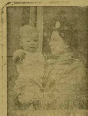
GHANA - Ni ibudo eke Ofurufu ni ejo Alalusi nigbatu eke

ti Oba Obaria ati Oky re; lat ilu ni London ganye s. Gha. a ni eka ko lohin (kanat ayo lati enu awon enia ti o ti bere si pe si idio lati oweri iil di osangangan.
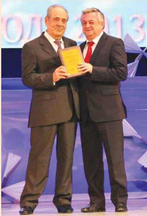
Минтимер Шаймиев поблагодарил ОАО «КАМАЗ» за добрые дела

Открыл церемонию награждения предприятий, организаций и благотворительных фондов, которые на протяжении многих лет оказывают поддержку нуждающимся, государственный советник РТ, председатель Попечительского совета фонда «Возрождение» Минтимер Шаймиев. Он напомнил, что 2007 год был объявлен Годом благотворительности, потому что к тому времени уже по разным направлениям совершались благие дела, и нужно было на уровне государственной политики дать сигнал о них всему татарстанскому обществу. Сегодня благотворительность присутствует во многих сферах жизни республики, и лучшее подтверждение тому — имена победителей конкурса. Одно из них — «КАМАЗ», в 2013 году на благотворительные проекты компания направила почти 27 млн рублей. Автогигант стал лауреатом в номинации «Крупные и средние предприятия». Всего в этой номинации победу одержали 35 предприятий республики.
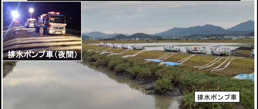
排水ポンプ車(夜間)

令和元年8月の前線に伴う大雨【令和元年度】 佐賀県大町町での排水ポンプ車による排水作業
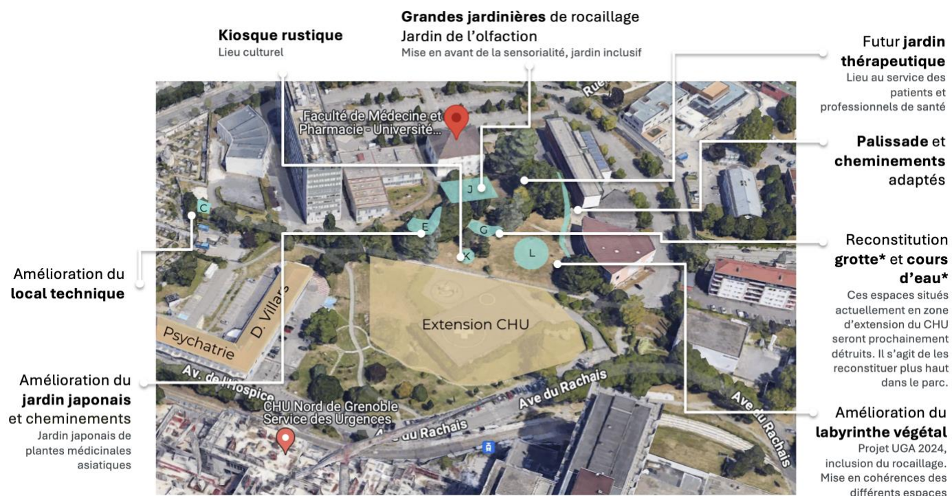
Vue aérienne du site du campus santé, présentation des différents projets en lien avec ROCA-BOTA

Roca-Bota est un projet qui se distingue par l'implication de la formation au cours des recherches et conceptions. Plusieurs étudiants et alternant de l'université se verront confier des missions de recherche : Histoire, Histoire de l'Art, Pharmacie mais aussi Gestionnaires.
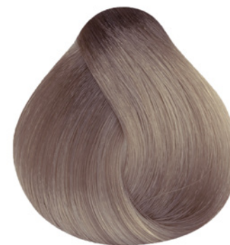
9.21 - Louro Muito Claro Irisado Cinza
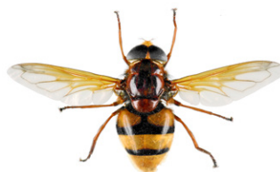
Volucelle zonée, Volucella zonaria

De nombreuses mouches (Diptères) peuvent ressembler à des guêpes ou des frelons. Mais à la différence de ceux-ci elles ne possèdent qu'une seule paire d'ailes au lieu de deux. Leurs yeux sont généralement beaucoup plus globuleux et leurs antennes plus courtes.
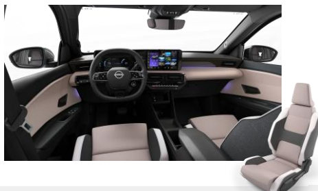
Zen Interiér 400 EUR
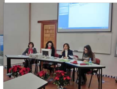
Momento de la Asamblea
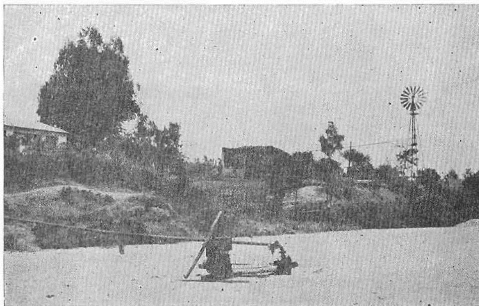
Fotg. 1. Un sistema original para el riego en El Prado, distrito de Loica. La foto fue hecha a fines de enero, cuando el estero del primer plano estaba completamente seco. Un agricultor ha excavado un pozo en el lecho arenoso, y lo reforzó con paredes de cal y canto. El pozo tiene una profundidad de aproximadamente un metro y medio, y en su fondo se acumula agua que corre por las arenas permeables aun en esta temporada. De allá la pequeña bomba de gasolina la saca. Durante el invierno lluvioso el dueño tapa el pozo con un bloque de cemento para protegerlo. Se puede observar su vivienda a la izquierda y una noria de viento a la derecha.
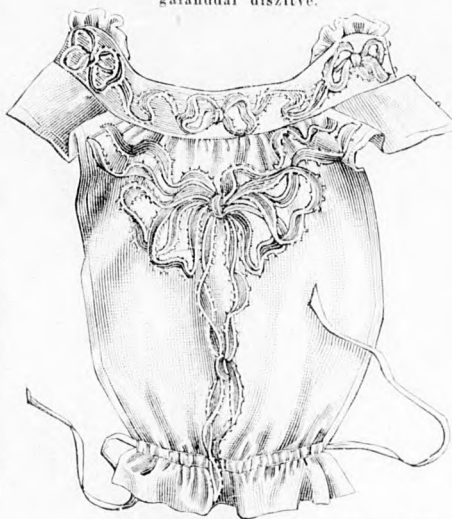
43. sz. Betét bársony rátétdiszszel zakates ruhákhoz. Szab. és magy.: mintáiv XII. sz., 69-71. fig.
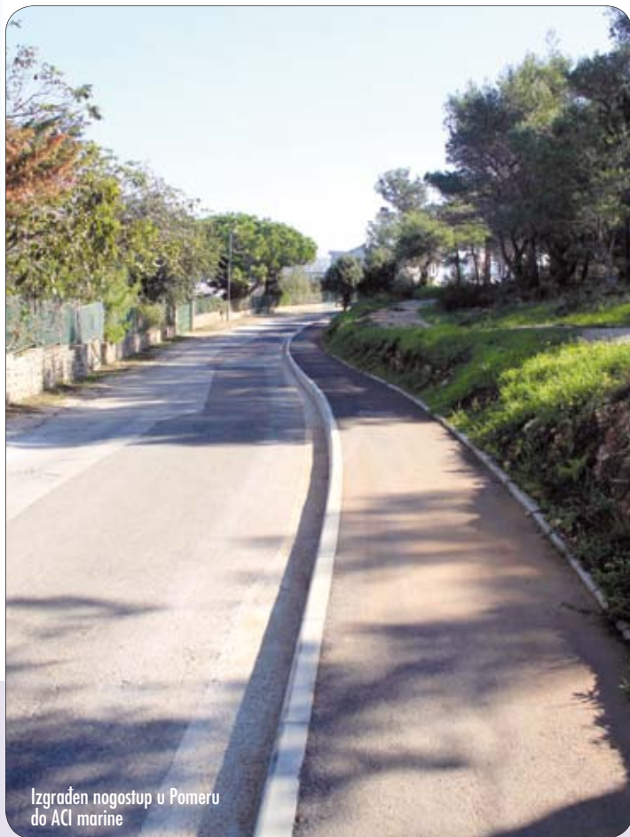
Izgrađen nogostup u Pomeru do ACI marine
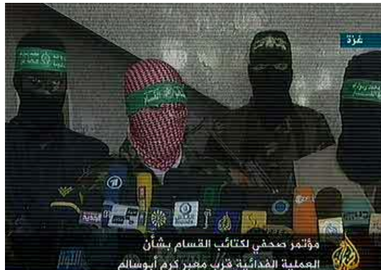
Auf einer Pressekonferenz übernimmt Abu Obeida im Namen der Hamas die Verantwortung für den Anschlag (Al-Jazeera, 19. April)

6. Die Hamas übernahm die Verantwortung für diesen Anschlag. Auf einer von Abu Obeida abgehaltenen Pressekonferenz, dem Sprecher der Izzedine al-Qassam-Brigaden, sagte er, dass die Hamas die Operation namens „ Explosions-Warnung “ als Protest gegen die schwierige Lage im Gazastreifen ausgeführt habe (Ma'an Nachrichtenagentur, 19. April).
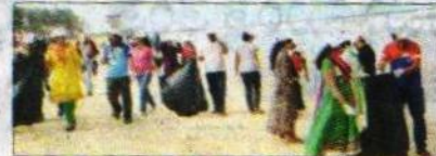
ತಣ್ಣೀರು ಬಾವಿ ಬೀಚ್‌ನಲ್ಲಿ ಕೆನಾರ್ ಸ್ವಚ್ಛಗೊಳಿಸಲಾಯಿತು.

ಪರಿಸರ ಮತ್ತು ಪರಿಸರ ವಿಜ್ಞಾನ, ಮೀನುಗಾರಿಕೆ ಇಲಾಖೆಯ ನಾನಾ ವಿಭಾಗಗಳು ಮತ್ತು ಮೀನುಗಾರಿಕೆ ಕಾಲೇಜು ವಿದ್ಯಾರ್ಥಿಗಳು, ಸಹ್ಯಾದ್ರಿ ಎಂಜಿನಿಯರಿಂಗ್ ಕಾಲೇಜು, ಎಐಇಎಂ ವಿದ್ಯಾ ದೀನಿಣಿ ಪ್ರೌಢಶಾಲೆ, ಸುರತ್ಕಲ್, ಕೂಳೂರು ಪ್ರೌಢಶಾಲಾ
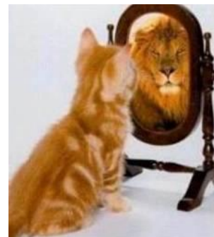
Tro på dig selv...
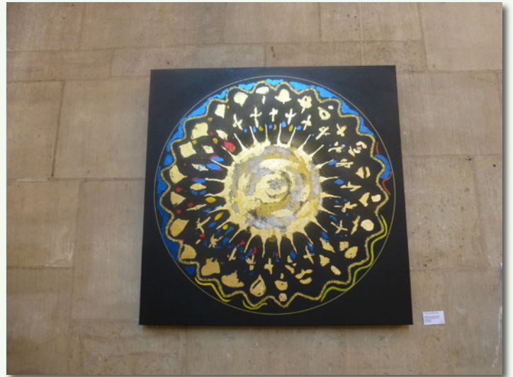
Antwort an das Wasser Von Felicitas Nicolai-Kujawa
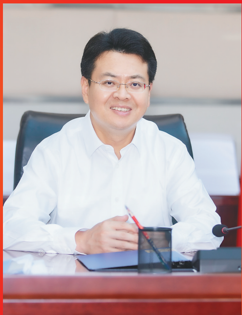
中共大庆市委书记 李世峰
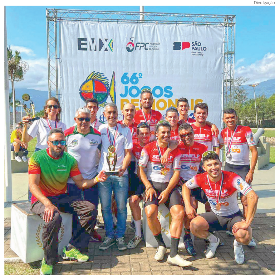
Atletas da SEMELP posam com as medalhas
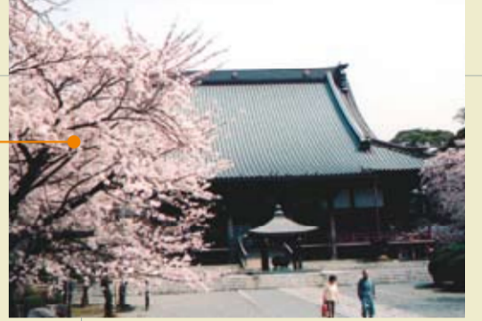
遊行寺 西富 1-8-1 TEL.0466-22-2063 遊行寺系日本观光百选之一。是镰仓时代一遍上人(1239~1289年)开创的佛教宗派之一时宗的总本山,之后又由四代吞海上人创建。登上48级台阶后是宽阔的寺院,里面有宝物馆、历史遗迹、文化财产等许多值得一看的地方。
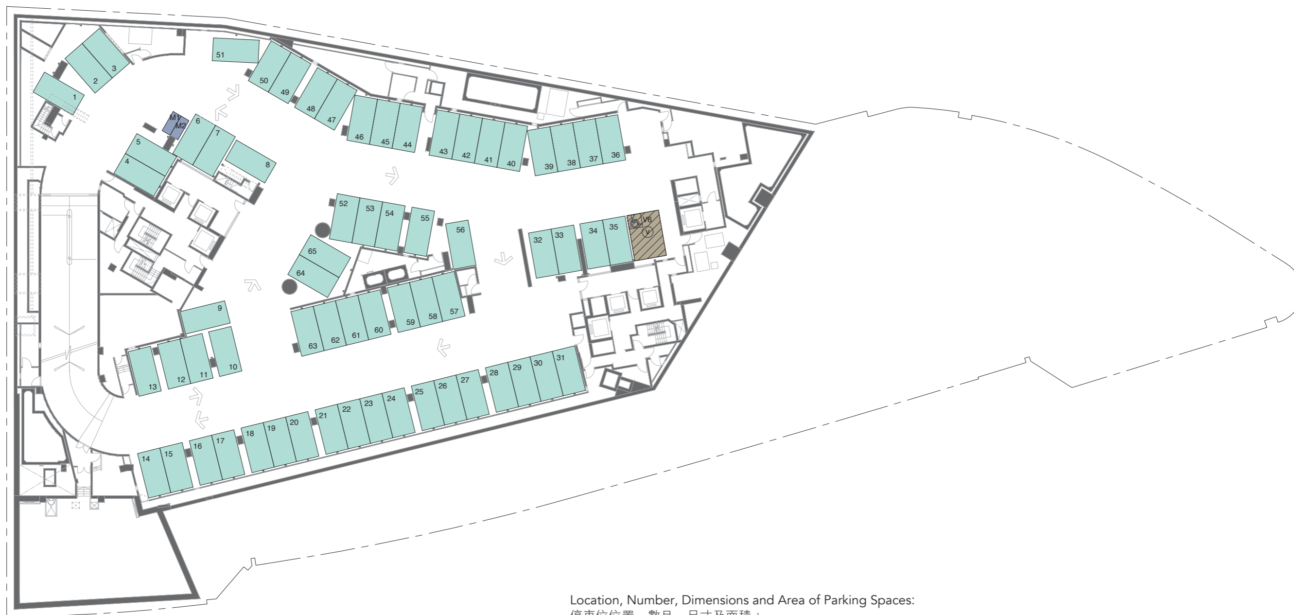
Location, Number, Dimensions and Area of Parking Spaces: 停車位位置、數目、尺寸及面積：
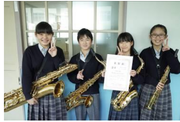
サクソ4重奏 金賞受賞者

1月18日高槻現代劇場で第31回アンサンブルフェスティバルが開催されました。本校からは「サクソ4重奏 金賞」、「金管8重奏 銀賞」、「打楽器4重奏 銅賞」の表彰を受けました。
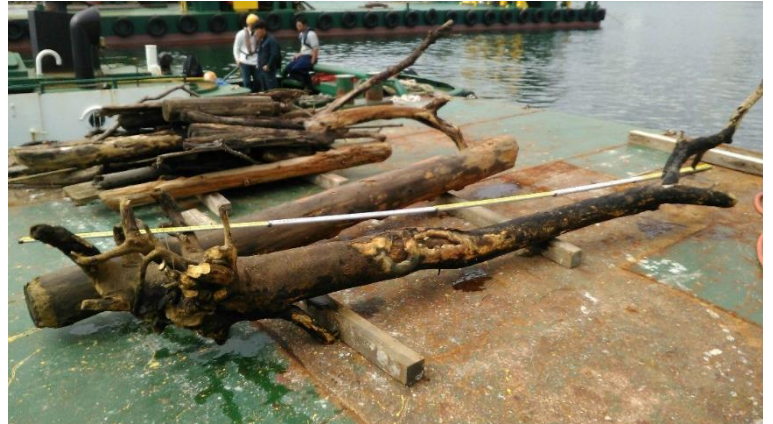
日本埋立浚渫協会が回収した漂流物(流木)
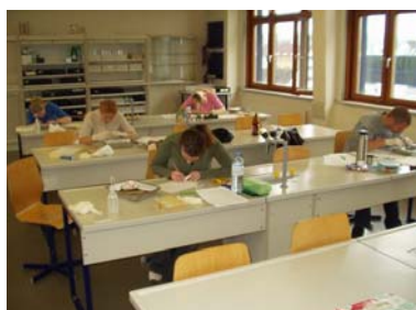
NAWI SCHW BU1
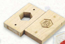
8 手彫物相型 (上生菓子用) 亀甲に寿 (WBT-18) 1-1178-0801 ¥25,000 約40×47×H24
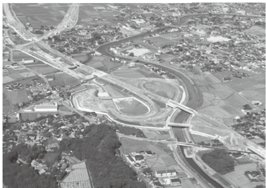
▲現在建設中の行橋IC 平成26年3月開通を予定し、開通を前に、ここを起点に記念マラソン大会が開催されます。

|---|

• _WHAT TO WORK ON_
Starting at the line that holds "日本埋立浚渫協会が回収した漂流物(流木)" and stopping at the last line of the listing above, write out each line exactly as it appears, and omit the pictures.

• _RESPONSE TO THE TASK_
日本埋立浚渫協会が回収した漂流物(流木)
NAWI SCHW BU1
8 手彫物相型 (上生菓子用) 亀甲に寿 (WBT-18) 1-1178-0801 ¥25,000 約40×47×H24
▲現在建設中の行橋IC 平成26年3月開通を予定し、開通を前に、ここを起点に記念マラソン大会が開催されます。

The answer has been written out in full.